EXERCISE:
In the copy of the lines below, leave out pictures and print everything else exactly.

DATA BELOW:
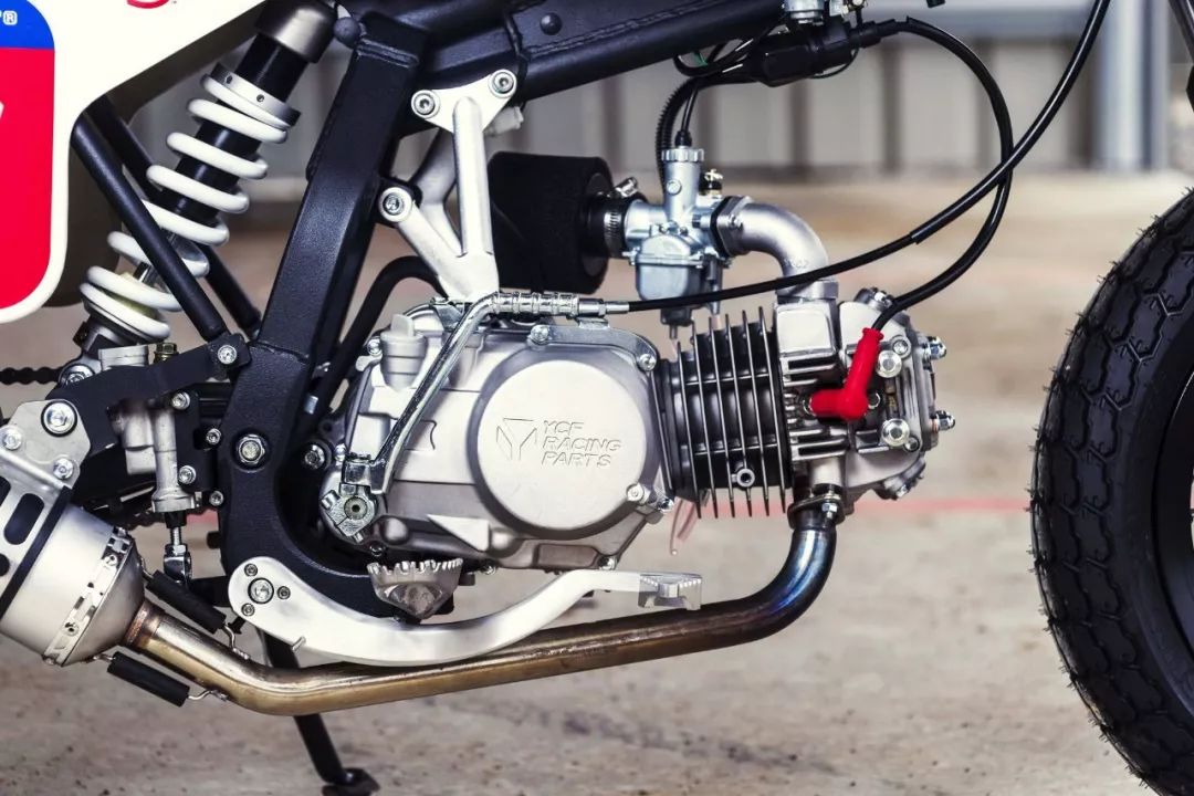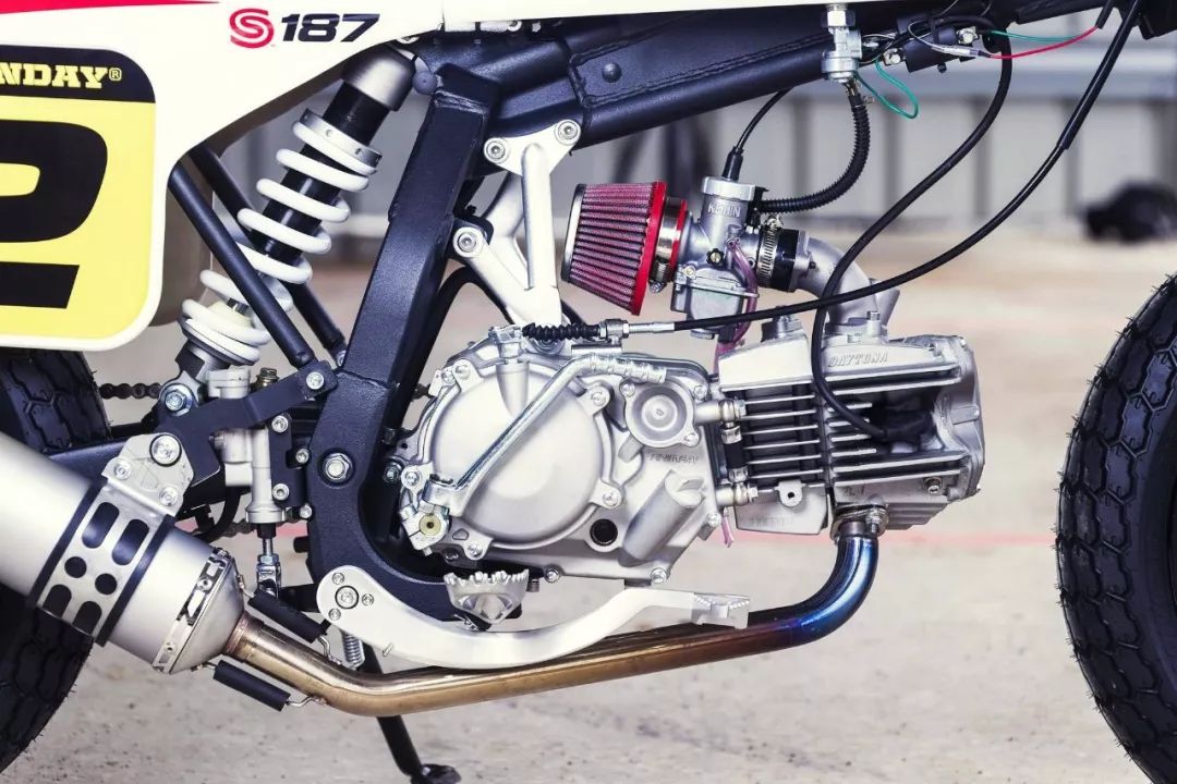 S187 搭載一副來自日本著名改裝品牌 Daytona 的風冷臥式單汽缸發(fā)動機,排汽量 187 cc,配備了一具 Keihin 的 PE28 化油器,最大動力輸出 24 匹。車體采用了鋼制的車架,YCF 的后減震,14 英寸直徑的前后輪框,鋁制的越野式腳踏,直徑為 200 mm 的后剎車碟,原廠并提供包括不同色彩的油箱、車頭號碼牌,貼花、CNC 金屬組件等等的大量選裝件。
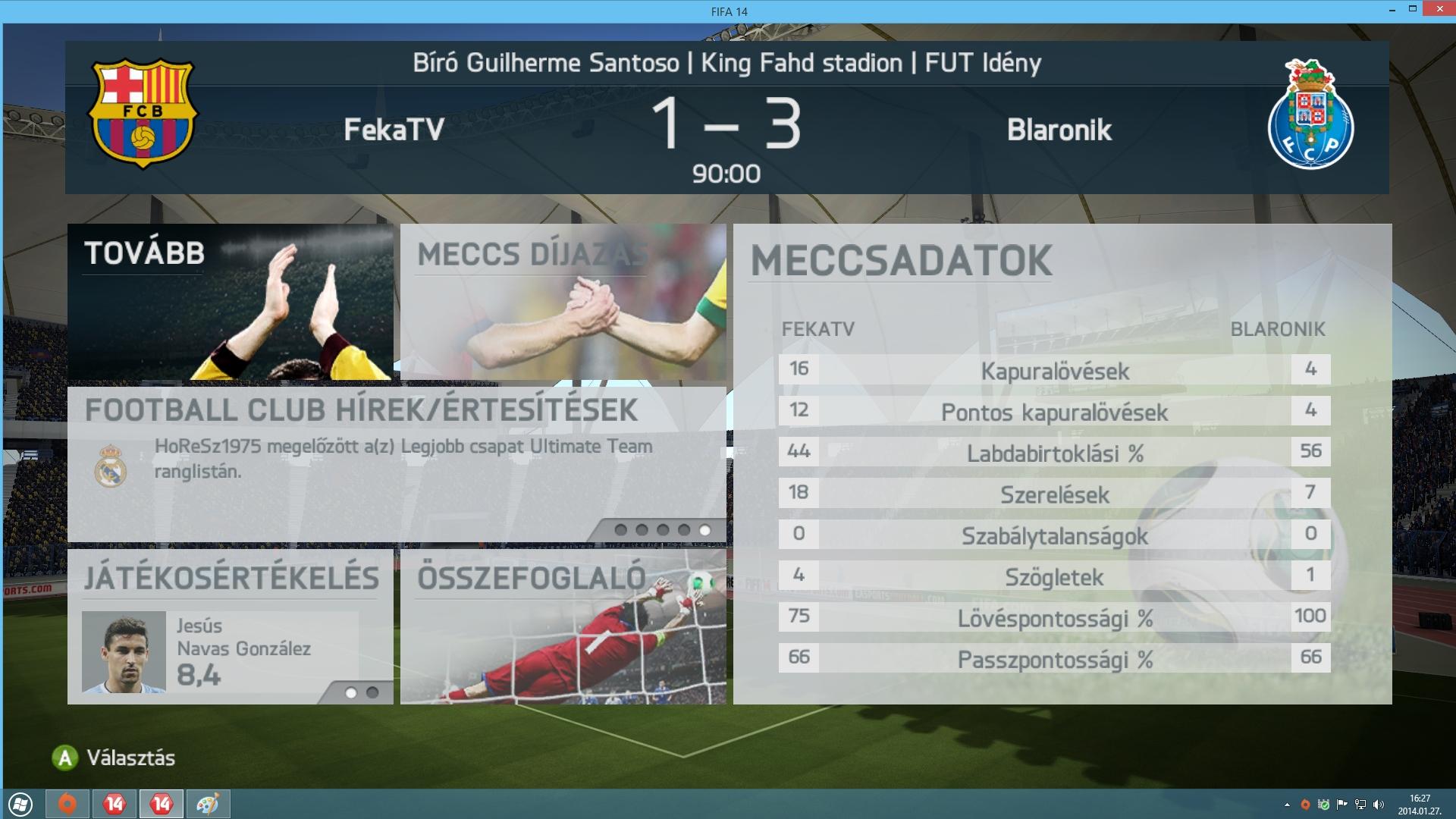 Utána volt egy olyan meccsem, hogy félidő 0-0, de jól ment a meccs, több volt a helyzetem is, mint az ellenfélnek, majd elkezdődött a 2. félidő és zsinórban 3 gólt kaptam! Ebből az első olyan volt, hogy a 2 CB között Isco háttal a kapunak, kb. 1m-rel a föld felett, tehát kurva alacsonyan, majdnem hogy fekve, beollózza. Ezután már jött a lejtő és a vége 4-1 lett az ellennek.
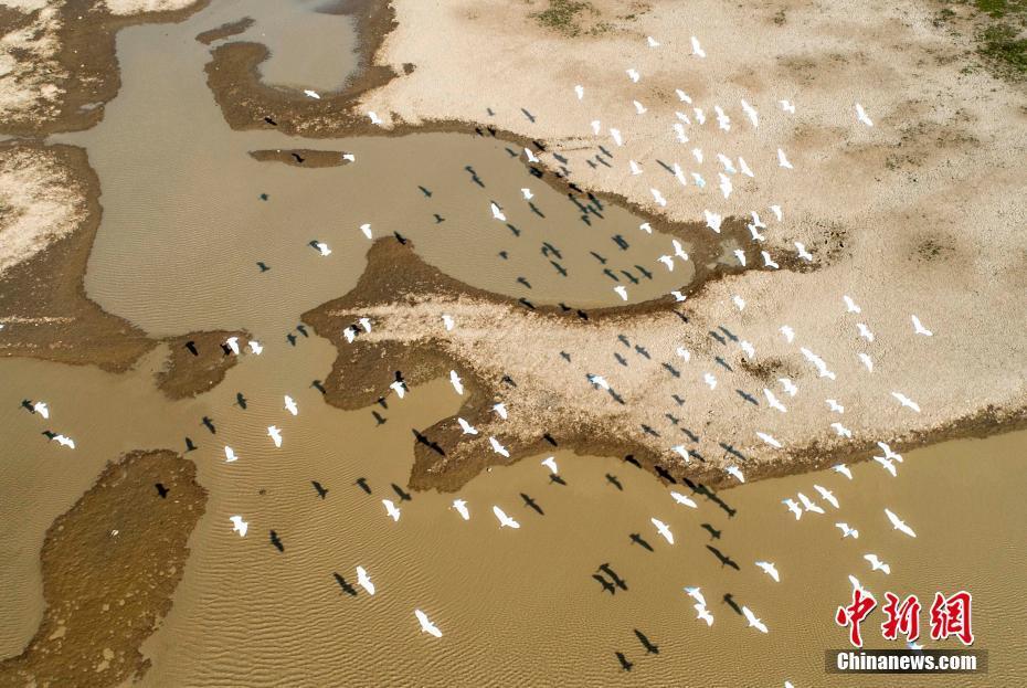 10月4日,在江西鄱阳湖都昌马影湖水域拍摄的白鹭。金秋十月,生活在江西鄱阳湖区的白鹭沐浴秋色,湿地上成群的白鹭成为一道靓丽的风景。中新社发 傅建斌 摄
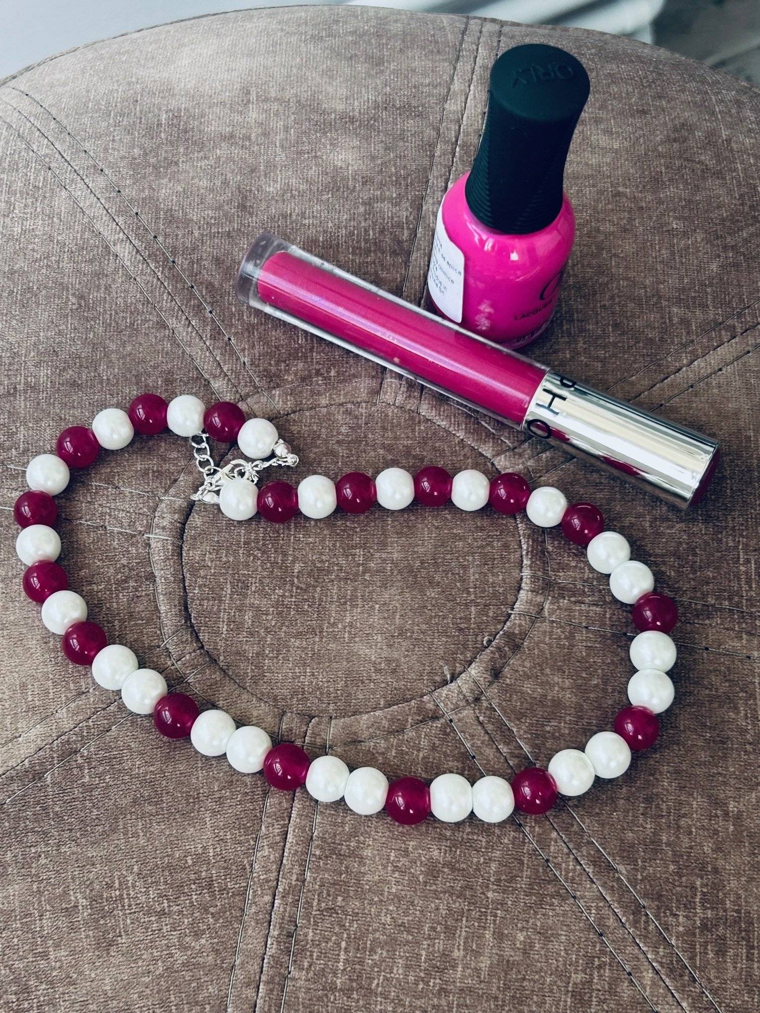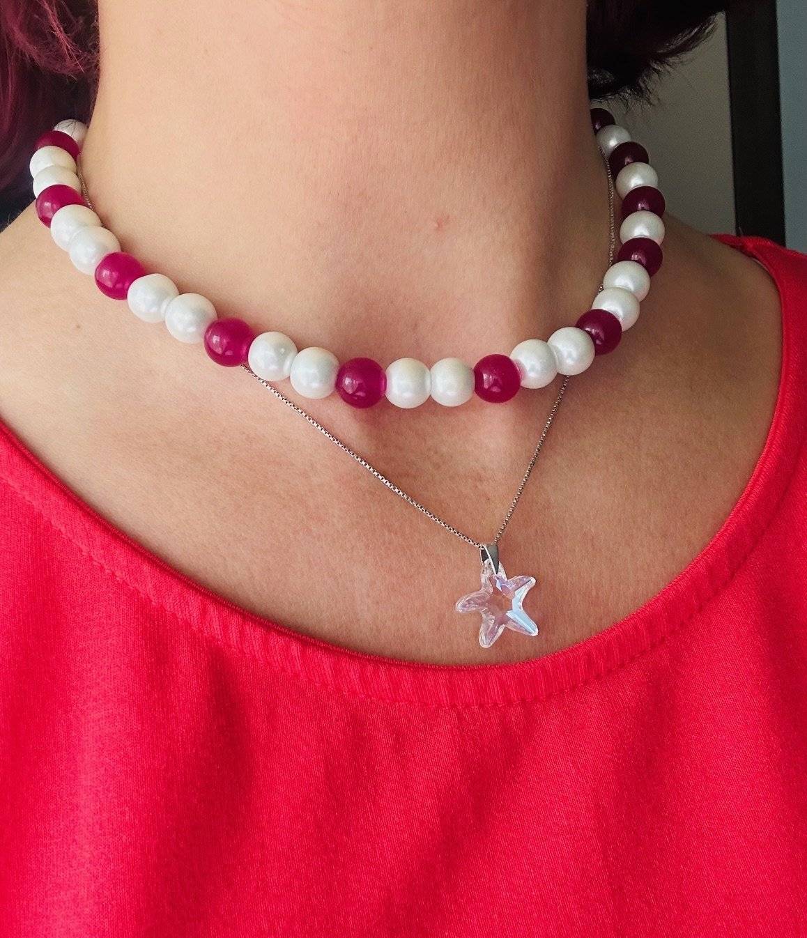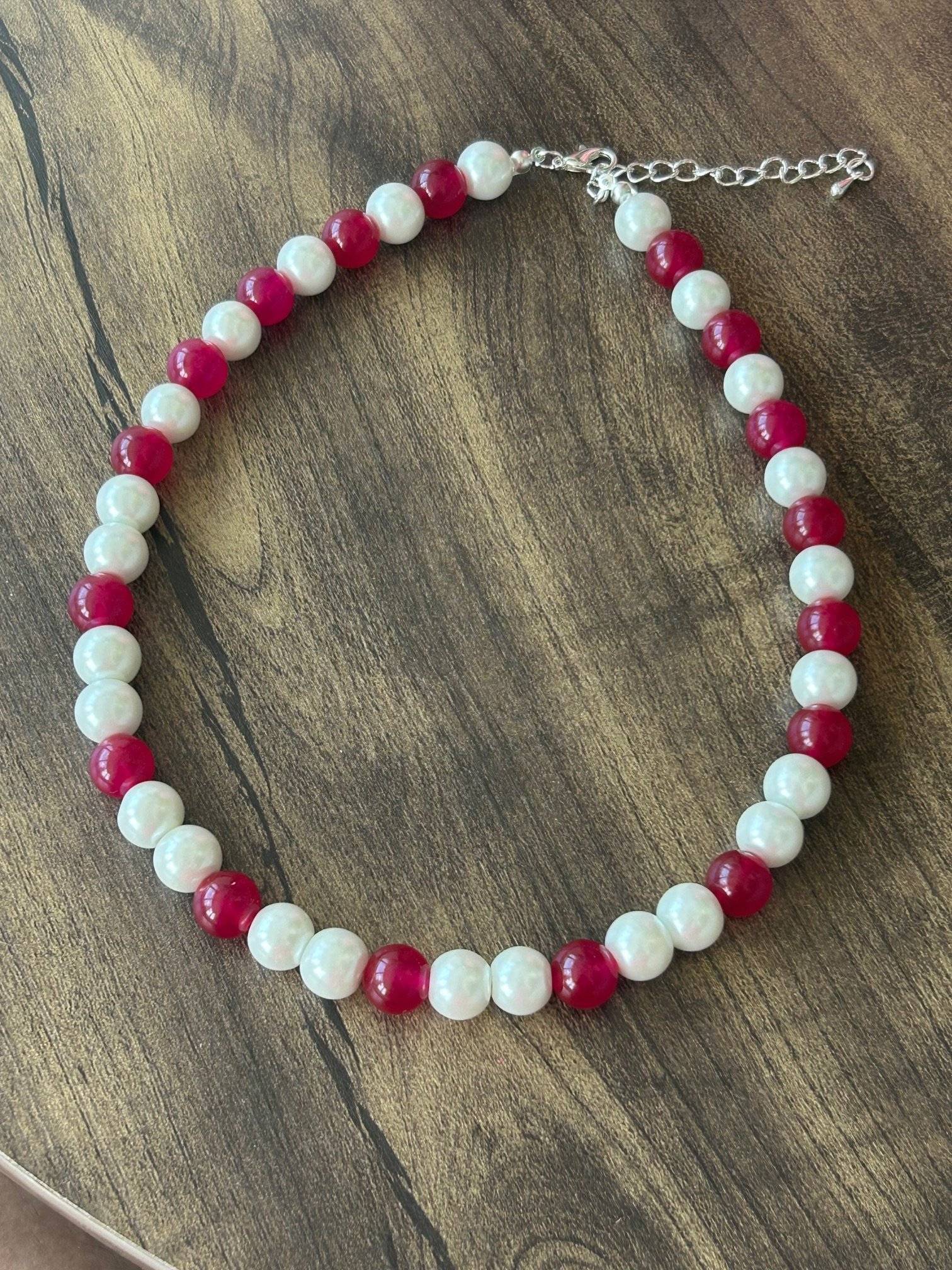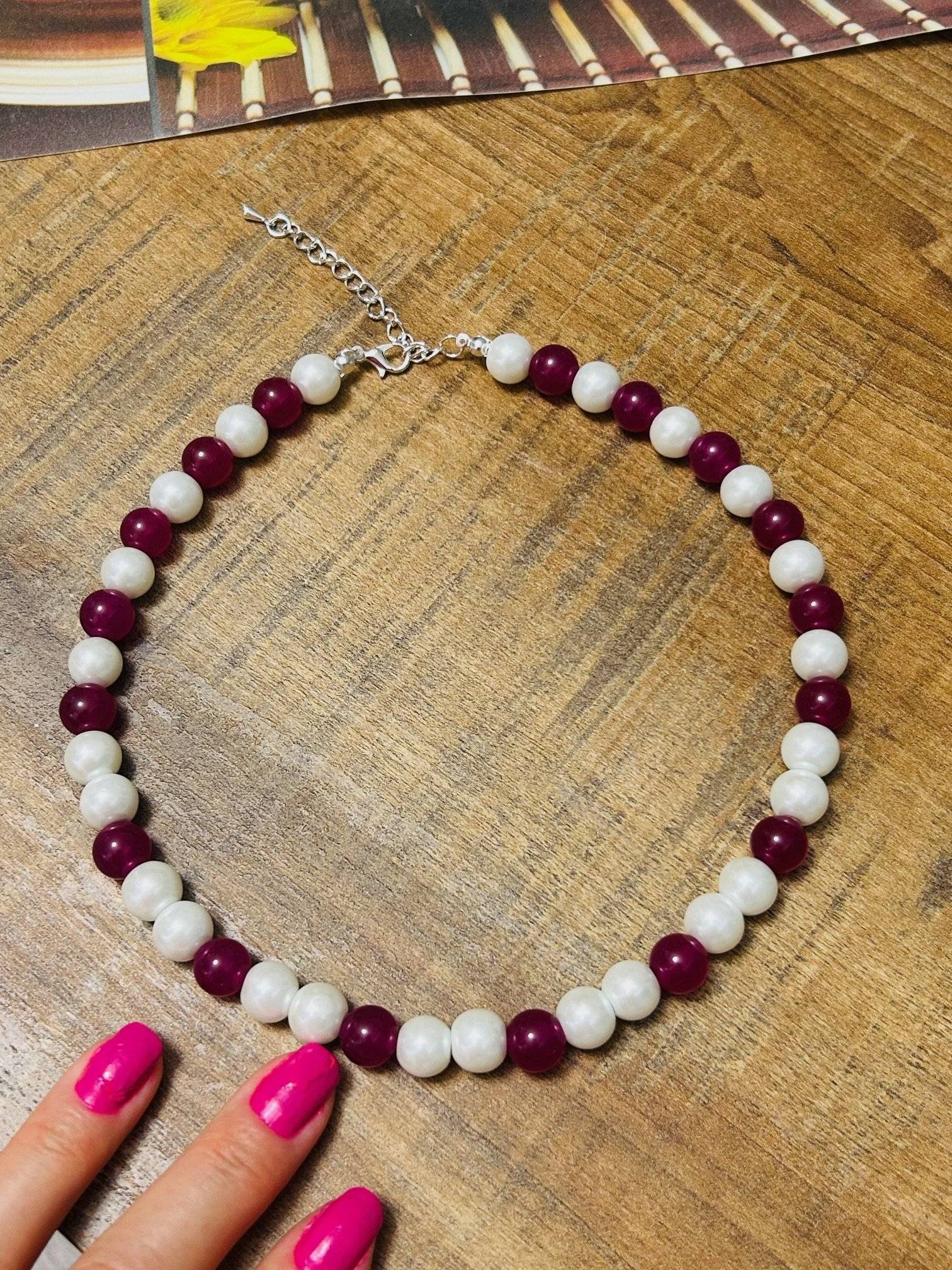 Pietrele sunt înșirate pe fir oțel siliconat de 0,45 mm grosime, iar închiderea se face cu închizătoare lobster, din aliaj placată cu argint și lănțișor prelungitor de 7 cm. Pietrele semiprețioase pot prezenta mici diferențe de nuanță de la o piatră la alta, iar culoarea poate varia puțin în funcție de setările monitorului Dvs.

RESPONSE BOX:
 S187 搭載一副來自日本著名改裝品牌 Daytona 的風冷臥式單汽缸發(fā)動機,排汽量 187 cc,配備了一具 Keihin 的 PE28 化油器,最大動力輸出 24 匹。車體采用了鋼制的車架,YCF 的后減震,14 英寸直徑的前后輪框,鋁制的越野式腳踏,直徑為 200 mm 的后剎車碟,原廠并提供包括不同色彩的油箱、車頭號碼牌,貼花、CNC 金屬組件等等的大量選裝件。
 Utána volt egy olyan meccsem, hogy félidő 0-0, de jól ment a meccs, több volt a helyzetem is, mint az ellenfélnek, majd elkezdődött a 2. félidő és zsinórban 3 gólt kaptam! Ebből az első olyan volt, hogy a 2 CB között Isco háttal a kapunak, kb. 1m-rel a föld felett, tehát kurva alacsonyan, majdnem hogy fekve, beollózza. Ezután már jött a lejtő és a vége 4-1 lett az ellennek.
 10月4日,在江西鄱阳湖都昌马影湖水域拍摄的白鹭。金秋十月,生活在江西鄱阳湖区的白鹭沐浴秋色,湿地上成群的白鹭成为一道靓丽的风景。中新社发 傅建斌 摄
 Pietrele sunt înșirate pe fir oțel siliconat de 0,45 mm grosime, iar închiderea se face cu închizătoare lobster, din aliaj placată cu argint și lănțișor prelungitor de 7 cm. Pietrele semiprețioase pot prezenta mici diferențe de nuanță de la o piatră la alta, iar culoarea poate varia puțin în funcție de setările monitorului Dvs.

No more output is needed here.